# New User Name



## Guest (Oct 26, 2007)

> Hey guys i had to change my User Name, my son wanted the one i use, he wants to name his Micro that name so i just gave in.
> 
> So we went from Over bite to Chasing Spots.


Well if I had seen this post first, I would have been so confused. Quit screwing with the old man. ;D ;D ;D

How about changing the profile to match ( age and name)and giving your son a name other than "my son" ;D ;D

Welcome aboard again and remind "my son" that he's sposed to post.


----------



## overbite (Oct 24, 2007)

I show him the web site i register and then he says im taking the name over bite   thats just not right hes jelous cause i catch more fish   wussup every one lol [smiley=1-beer.gif]


----------



## Guest (Oct 28, 2007)

> thats just not right hes jelous cause i catch more fish  [smiley=1-beer.gif]
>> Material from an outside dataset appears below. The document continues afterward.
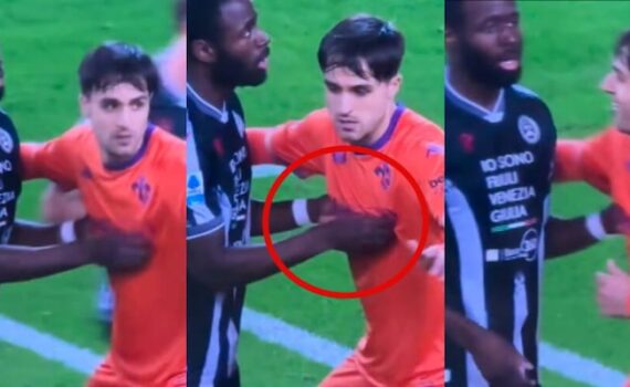 L'attaccante dell'Udinese cerca di liberarsi della marcatura di Ranieri, ma lo fa in modo poco convenzionale: ecco cosa è successo Fonte

Just to let you know the rules. 

[smiley=worth.gif]

[smiley=1-beer.gif]


----------



## zero_gravity (Dec 14, 2006)

welcome aboard


----------



## beavis (Dec 11, 2006)

do you go to school with tanner by chance??


----------



## overbite (Oct 24, 2007)

Ummm i dont know who tanner is but if it helps i go 2 Southwest miami senior high


----------



## JRH (Mar 18, 2007)

> do you go to school with tanner by chance??




[smiley=grin.gif]


----------